Since $f(t)$ is an even function, its period is $4\pi$, not $2\pi$. Hence, $f(t)$ is represented accordingly as
$$ f(t) = A_0 + \sum_{n=1}^\infty A_n \cos\left( \frac{n}{2}t \right) $$
Integration should be over $[0,2\pi]$. You have two separate integrals to do here: one for the constant term and one for $n\ne 0$
\begin{align} A_0 &= \frac{\int_0^{2\pi} f(t)\ dt}{\int_0^{2\pi} 1\ dt} = \frac{1}{2\pi}\int_0^{2\pi} f(t)\ dt \\ A_n &= \frac{\int_0^{2\pi} f(t)\cos\left( \frac{n}{2}t \right) dt }{\int_0^{2\pi} \cos^2 \left(\frac{n}{2}t\right)\ dt} = \frac{1}{\pi} \int_0^{2\pi} f(t)\cos\left( \frac{n}{2}t \right) dt \end{align}
You'll need to break them up into integrals over $[0,\pi]$ and $[\pi,2\pi]$, since $f(t)$ is piece-wise
Once you have the Fourier series of $f(t)$, you can make a guess for $x_p$ of the form
$$ x_p(t) = c_0 + \sum_{n=1}^\infty c_n\cos\left(\frac{n}{2}t\right) $$
Note that this expression corresponds to $p=2\pi$ in your given formula.
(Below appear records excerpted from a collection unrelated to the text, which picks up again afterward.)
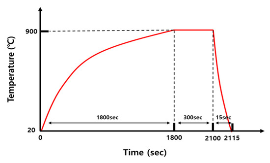 The base metal (BM) used in this study was a 30MnB5 hot-stamping steel sheet with a thickness of 1.2 mm. The chemical compositions listed in Table 1 were determined using electron probe micro-analyzer (EPMA) on a JXA-8530F instrument (JEOL Ltd., Akishima, Tokyo, Japan), following the ASTM E1508-12a standard [31]. Accordingly, in order to simulate the actual hot-stamping process, the sample was heated from 20 °C to 900 °C over ~30 min in a vertical electric furnace (3S ENG Co., Ltd., Busan, Republic of Korea), following the heat-treatment cycle shown in Figure 1. This was followed by holding at 900 °C for 5 min and water cooling for 15 s.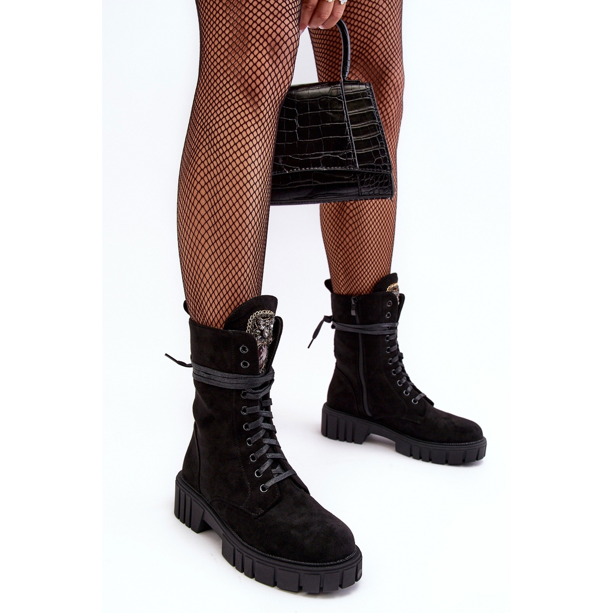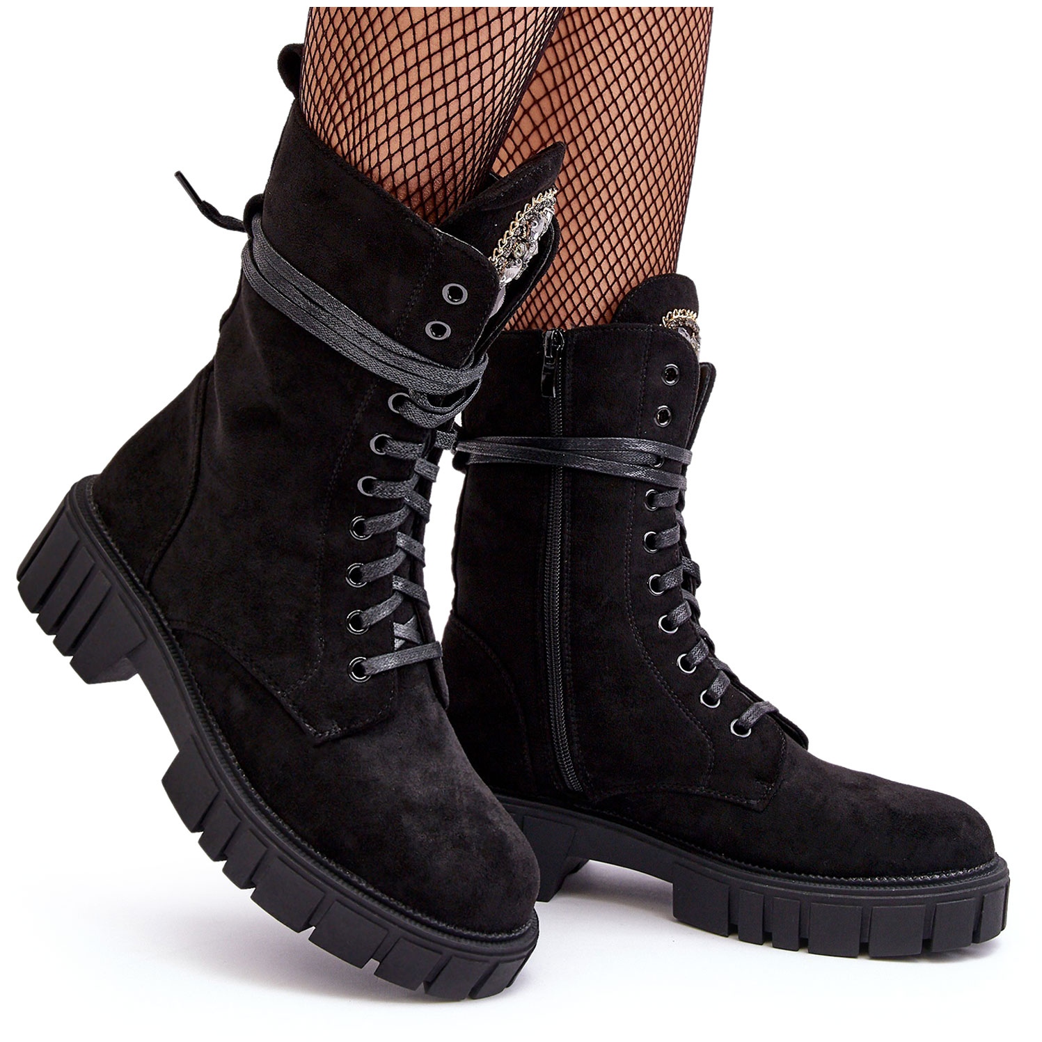 Détails: Bottines de travail en daim avec décoration de bijoux, Black Marx le noir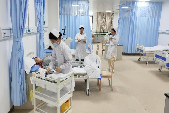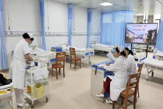 比赛中,选手们沉着冷静、操作娴熟,展示了斗志昂扬的比赛状态、展现了超强的随机应变能力。选手们有条不紊的护理操作赢得了评委老师们的一致称赞。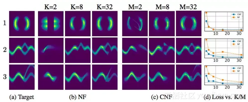 标准化流与连续标准化流量的比较。标准化流的模型容量由网络的深度(K)决定,而连续标准化流的模型容量可以通过增加宽度(M)来增加,使它们更容易训练。来源:研究论文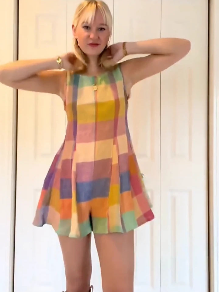 Step into sunny, playful style with the Vibrant Patchwork Sleeveless Grid Jumpsuit. Featuring a cheerful patchwork of rainbow-hued squares, this sleeveless jumpsuit keeps you cool while adding instant color to your look. The flared hem creates a twirl-worthy silhouette, and a daring open-back detail adds a touch of bold sophistication. Perfect for casual outings or summer adventures, it pairs effortlessly with boots or sandals for carefree, vibrant vibes.

Then
$$ 8\ddot{x}_p + 9x_p = 9c_0 + \sum_{n=1}^\infty (9-2n^2)c_n\cos\left(\frac{n}{2}t\right) $$
Comparing coefficients gives
\begin{align} 9c_0 &= A_0 \\ (9-2n^2)c_n &= A_n \end{align}
In this example, you conveniently have $A_0=0$. But this is not true for the general case, so the constant term should always be considered.